3.12. Phytochemical Screening

Identification of the main constituents was performed according to standard procedures: Liebermann’s and Salkowski’s tests for steroidal ring, foam test for saponins, ferric chloride test for phenols (tannins), sodium hydroxide test for flavonoids, Fehling's test for free sugars and polysaccharides (for the latter, after a previous acidic hydrolysis) and ninhydrin test for aminoacids/proteins [43,44].

3.13. FT-IR Spectroscopic Analysis

FT-IR spectra were recorded on ABB MB3000 FT-IR spectrometer (Québec, QC, Canada). FT-IR spectra were acquired over a range of 4000–650 cm−1 with 16 scans at a spectrum resolution of 4 cm−1. Spectra processing was carried out using the Horizon MB software.

3.14. Quantification of Total Phenolic Content

Total phenolic content was quantified by Folin-Ciocalteu method as previously described [65]. In brief, a reaction mixture (4 mL) containing extracts, Folin-Ciocalteu’s phenol reagent and 20% sodium carbonate solution was incubated for 2 h in dark at room temperature. Absorbance was measured at 765 nm. The results were expressed as g of gallic acid equivalents (GAE) per 100 g of extract.
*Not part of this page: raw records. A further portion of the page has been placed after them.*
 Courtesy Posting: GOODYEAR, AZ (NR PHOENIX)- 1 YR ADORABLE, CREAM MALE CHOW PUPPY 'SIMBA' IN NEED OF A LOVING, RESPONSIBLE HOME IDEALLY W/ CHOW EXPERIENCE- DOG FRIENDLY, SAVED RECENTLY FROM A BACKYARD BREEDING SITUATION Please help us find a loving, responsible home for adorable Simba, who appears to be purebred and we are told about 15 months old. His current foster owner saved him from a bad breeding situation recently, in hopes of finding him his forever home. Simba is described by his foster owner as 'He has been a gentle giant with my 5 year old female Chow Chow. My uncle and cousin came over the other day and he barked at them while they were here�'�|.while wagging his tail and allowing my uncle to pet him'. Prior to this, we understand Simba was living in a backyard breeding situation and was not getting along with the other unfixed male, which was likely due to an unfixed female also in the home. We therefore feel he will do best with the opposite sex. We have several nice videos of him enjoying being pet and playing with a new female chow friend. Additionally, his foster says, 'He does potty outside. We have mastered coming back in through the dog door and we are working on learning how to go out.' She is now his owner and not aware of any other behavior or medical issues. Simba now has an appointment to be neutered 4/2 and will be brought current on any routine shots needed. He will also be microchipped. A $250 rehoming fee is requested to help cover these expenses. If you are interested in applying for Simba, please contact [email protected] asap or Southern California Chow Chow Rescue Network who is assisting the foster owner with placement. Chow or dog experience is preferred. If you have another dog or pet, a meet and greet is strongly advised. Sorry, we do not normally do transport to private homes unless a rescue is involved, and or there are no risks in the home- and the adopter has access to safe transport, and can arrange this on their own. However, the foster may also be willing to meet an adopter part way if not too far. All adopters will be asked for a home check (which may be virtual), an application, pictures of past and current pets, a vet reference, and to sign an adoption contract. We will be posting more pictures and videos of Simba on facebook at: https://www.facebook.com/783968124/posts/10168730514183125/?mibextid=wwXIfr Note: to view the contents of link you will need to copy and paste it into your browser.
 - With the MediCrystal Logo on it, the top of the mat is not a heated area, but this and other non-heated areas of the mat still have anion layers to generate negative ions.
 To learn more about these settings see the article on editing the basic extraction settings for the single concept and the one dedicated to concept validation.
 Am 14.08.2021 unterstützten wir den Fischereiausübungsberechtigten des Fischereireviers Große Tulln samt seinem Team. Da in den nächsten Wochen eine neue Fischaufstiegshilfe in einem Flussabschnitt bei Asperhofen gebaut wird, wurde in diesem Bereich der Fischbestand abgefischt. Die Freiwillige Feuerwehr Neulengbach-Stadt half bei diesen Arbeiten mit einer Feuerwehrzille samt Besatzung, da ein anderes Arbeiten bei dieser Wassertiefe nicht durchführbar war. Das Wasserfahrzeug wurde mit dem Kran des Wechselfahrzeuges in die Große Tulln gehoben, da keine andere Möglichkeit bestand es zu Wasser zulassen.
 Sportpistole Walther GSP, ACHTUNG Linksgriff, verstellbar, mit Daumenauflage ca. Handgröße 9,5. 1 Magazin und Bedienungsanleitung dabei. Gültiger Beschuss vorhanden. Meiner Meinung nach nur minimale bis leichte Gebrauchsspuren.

3.15. Statistical Analysis

All experiments were performed in triplicate and the results were expressed as mean ± standard error. The EC50 values were calculated by linear interpolation between values above and below 50% activity. Statistical evaluation was performed using Student’s t test; P < 0.05 was considered statistically significant.

4. Conclusions

Vernonia kotschyana roots have been used in Malian traditional medicine for the treatment of gastroduodenal ulcers and gastritis. To the best of our knowledge, this is the first report on the antioxidant activity of Vernonia kotschyana roots. Our study revealed that an ethyl acetate extract of the roots efficiently scavenged ABTS, superoxide, hydroxyl and nitric oxide radicals and inhibited lipid peroxidation. The extract also showed a high hydrogen peroxide scavenging capacity in normal cells. As superoxide, hydroxyl, nitric oxide radicals, hydrogen peroxide and lipid peroxidation are known to be involved in gastric ulceration, the ethyl acetate extract merits further investigation of its antiulcer activity. Identification of this antioxidant potential in the ethyl acetate extract may extend the use of the roots towards the prevention and treatment of other diseases characterized by an increase in oxidative stress.